Montana 1948
- First edition
- Author: Larry Watson
- Language: English
- Genre: Western novel
- Publisher: Milkweed Editions
- Publication date: 1993
- Publication place: United States
- Media type: Print (Paperback)
- Pages: 169
- ISBN: 1-57131-061-4
- OCLC: 148649293
- Followed by: Justice

= Montana 1948 =

1993 novella by Larry Watson

Montana 1948 is a 1993 novella by Larry Watson. The novella focuses on the life of young Montanan David Hayden, his family and the fictional town of Bentrock, Montana, and focuses on the struggles of a family torn between loyalty and justice. It was awarded the Milkweed National Fiction Prize.

== Plot ==

When Marie is found dead after making significant recovery before, Frank convinces the family that the cause of death was pneumonia. When David admits to seeing his uncle leave the residence hours before his babysitter's death, Wesley later confronts Frank about his actions at a family dinner at their parents' house and they reach a compromise, where Wes agrees to forget the whole incident. David, who was playing with his grandfather's pistol, once contemplates shooting Frank because of all the troubles he has given their family. Eventually, David decides to tell his parents Frank leaving their house time Marie died, implying that Frank was involved in the actions.
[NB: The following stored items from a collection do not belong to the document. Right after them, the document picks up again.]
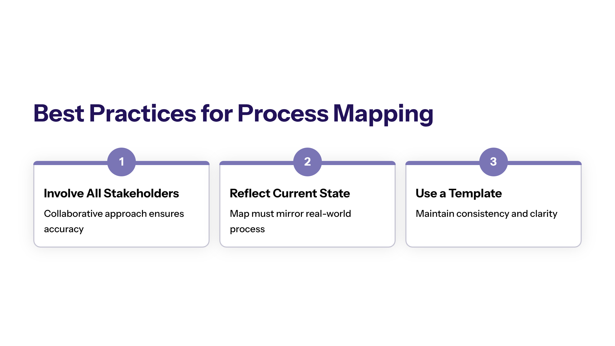 Successful process mapping relies on a collaborative approach involving all stakeholders. Engage team members and people involved in the process to gather accurate information and ensure the process map reflects the current state. Use a business process mapping template to maintain consistency and clarity. Regularly update the process map to keep it accurate and relevant. Including all the details related to each step in the process ensures the map remains a useful resource throughout the project.
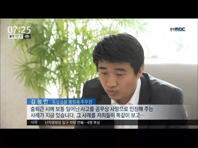 (앵커) 야근을 마치고 귀가하다 투신한 20대에 깔려 변을 당한 40대 공무원 가장 소식 어제 전해드렸는데요. 남겨진 만삭의 부인과 어린 자녀 소식이 알려지면서 공무원 가족을 돕기 위한 손길이 잇따르고 있습니다. 송정근 기자입니다. (기자) 아파트 20층에서 투신한 20대와 충돌해 갑자기 사망한 곡성군청 7급 공무원 양...
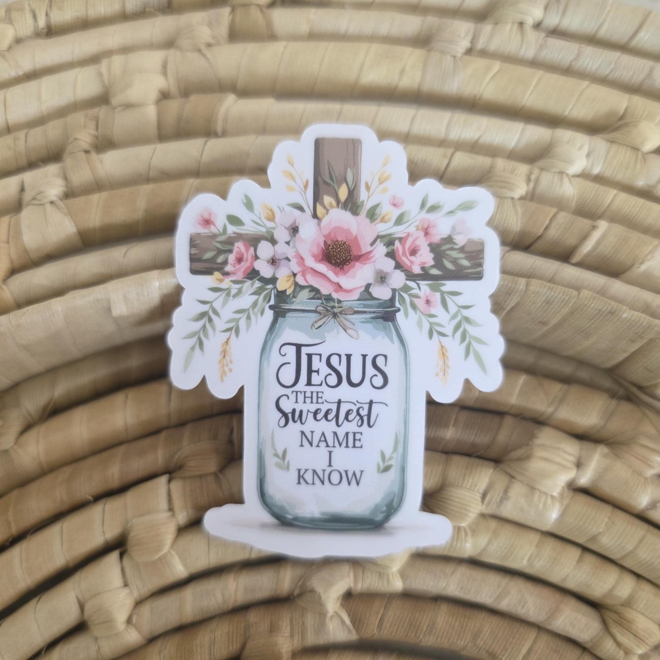 Jesus the sweetest name I know christian sticker. The sticker is made with orafol 1917 sticker paper making it perfect for water bottles, notebooks, laptops, bikes, and all sorts of other items. Make sure to clean and dry the surface thoroughly before applying. Handwash all items. Do not put in dishwasher.
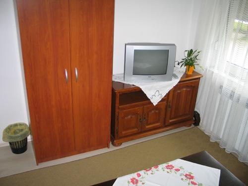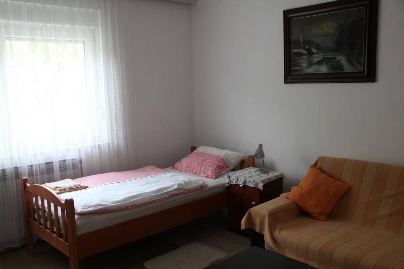 Die Fläche von 66m2 liegt im 1. Stock eines Einfamilienhauses, es verfügt über zwei Schlafzimmer mit je 2 Betten und ein Wohnzimmer mit zwei Zustellbetten. Das Badezimmer ist mit einer Badewanne, einem Haartrockner, einem Bidet und einem Waschbecken ausgestattet. Die Küche ist standardmäßig ausgestattet mit Geschirr zum Zubereiten und Servieren von Speisen und Getränken, sowie Besteck in entsprechender Menge, Kühlschrank, Gefrierschrank 10L. Alle Räume in der Wohnung verfügen über Heizung, SatTV in beiden Räumen. Parkplätze sind vorhanden.
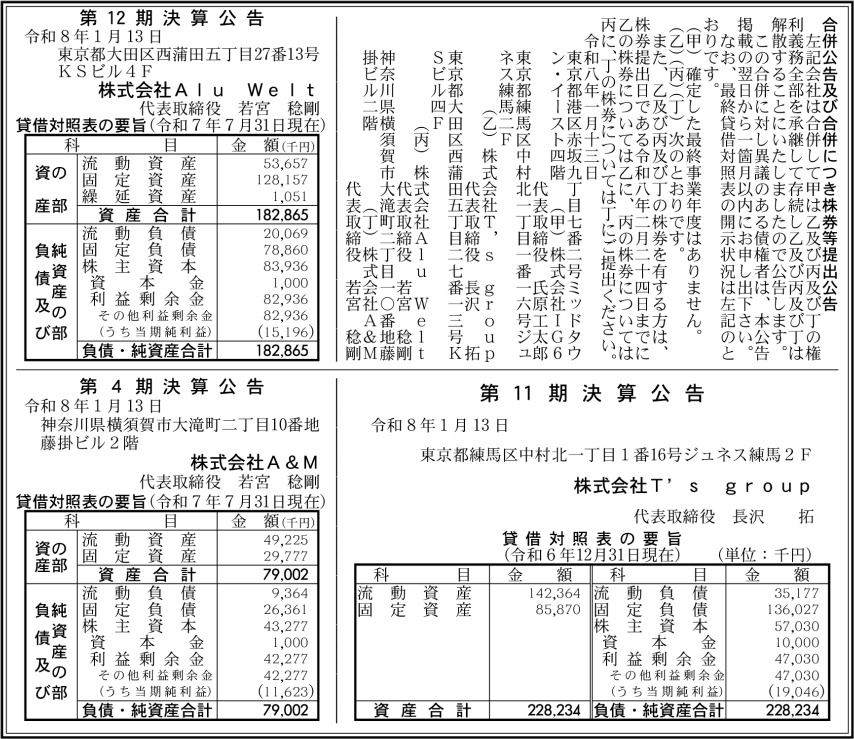 株式会社Alu Welt 東京都大田区 【2025年7月期】 |
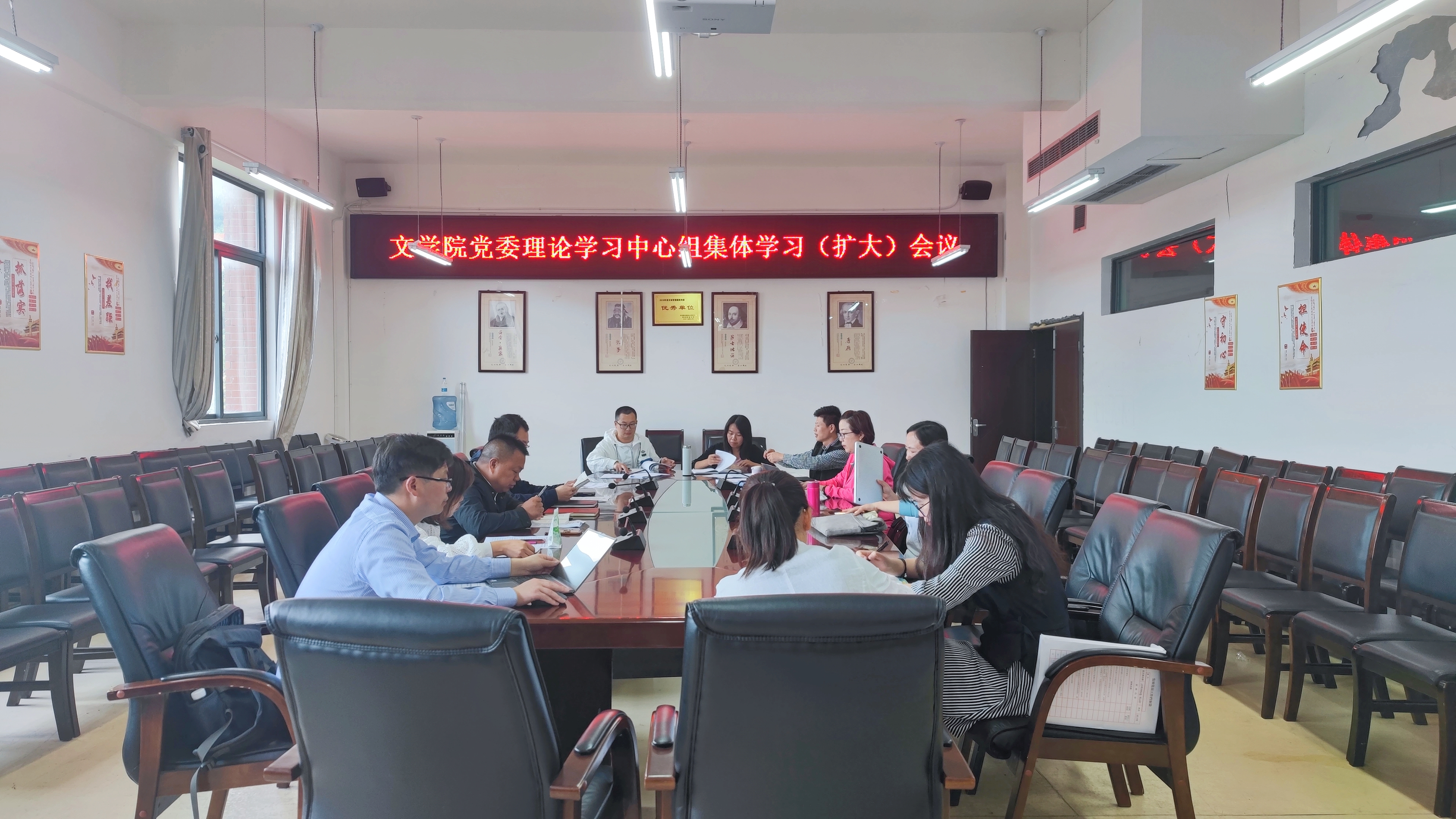 党委理论学习中心组2022年第六次集体学习(扩大)会议暨“高举伟大旗帜,谱写发展新章”专题学习研讨会在文德楼318举行。院党委书记杨经华主持会议。院党委副书记、纪委书记(兼)代泽华,院党委副书记文静,院党委委员张武桥、武晓丽出席,各党支部书记、各科室(系)负责人参加。
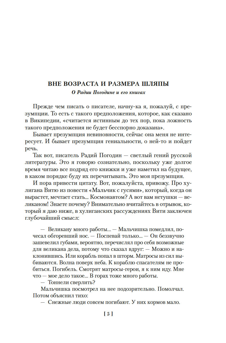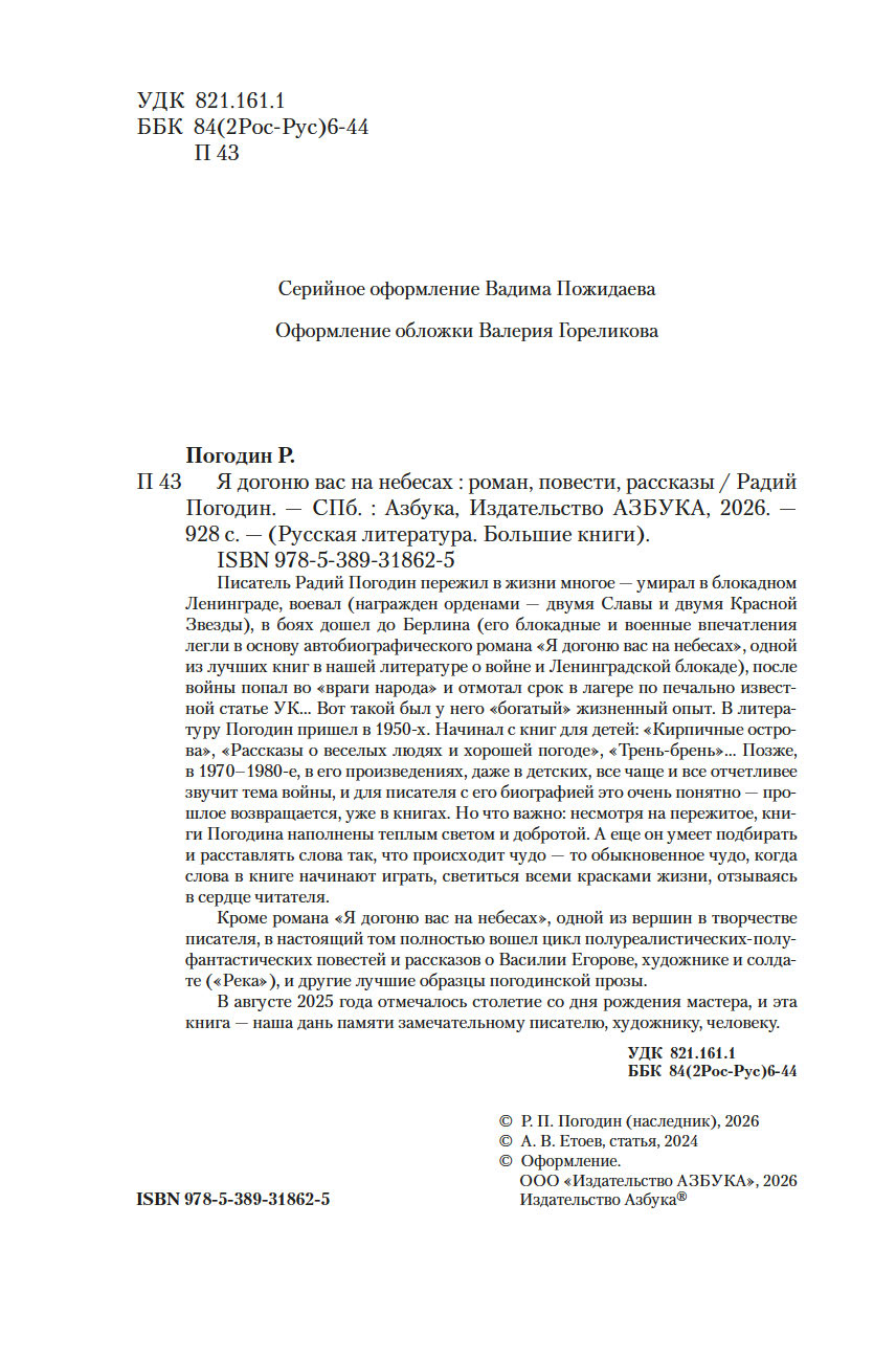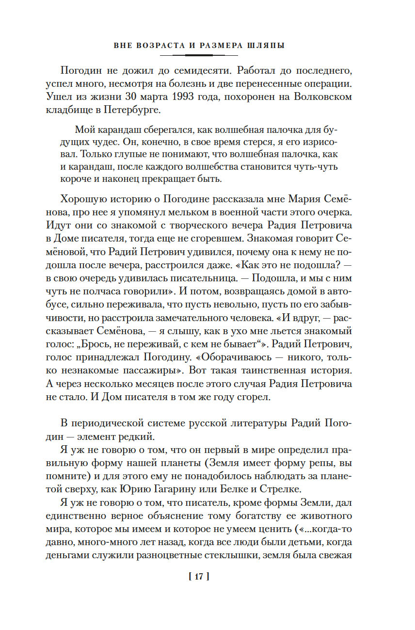 Писатель Радий Погодин пережил в жизни многое – умирал в блокадном Ленинграде, воевал (награжден орденами – двумя Славы и двумя Красной Звезды), в боях дошел до Берлина (его блокадные и военные впечатления легли в основу автобиографического романа "Я догоню вас на небесах", одной из лучших книг в нашей литературе о войне и Ленинградской блокаде), после войны попал во «враги народа» и отмотал срок в лагере по печально известной статье УК… Вот такой был у него "богатый" жизненный опыт. В литературу Погодин пришел в 1950-х. Начинал с книг для детей: "Кирпичные острова", "Рассказы о веселых людях и хорошей погоде", "Трень-брень"… Позже, в 1970–1980-е, в его произведениях, даже в детских, все чаще и все отчетливее звучит тема войны, и для писателя с его биографией это очень понятно – прошлое возвращается, уже в книгах. Но что важно: несмотря на пережитое, книги Погодина наполнены теплым светом и добротой. А еще он умеет подбирать и расставлять слова так, что происходит чудо – то обыкновенное чудо, когда слова в книге начинают играть, светиться всеми красками жизни, отзываясь в сердце читателя.

Wesley arrests Frank, who admits to killing Marie and molesting Native American women and arrests him in the basement, in order to avoid the embarrassment Frank would experience by going to the local jail. Wesley and Frank's father Julian is opposed to Frank's arrest and sends men to break Frank free at the house when Wesley is not there. Gail tries to scare them away by firing shotgun shots into the air. Gail later pleads for Wes to stop the nonsense and take Frank out the home so everything would stop. Wesley's moral values override his family loyalty and he agrees to take his brother to the local jail the next day. The sound of jars breaking in the basement, so the family wakes up. In the morning, Wesley finds that Frank killed himself by slitting his wrists with the broken glass.

After that, David and his family moves out of Bentrock, ending the fight between Wes and his dad.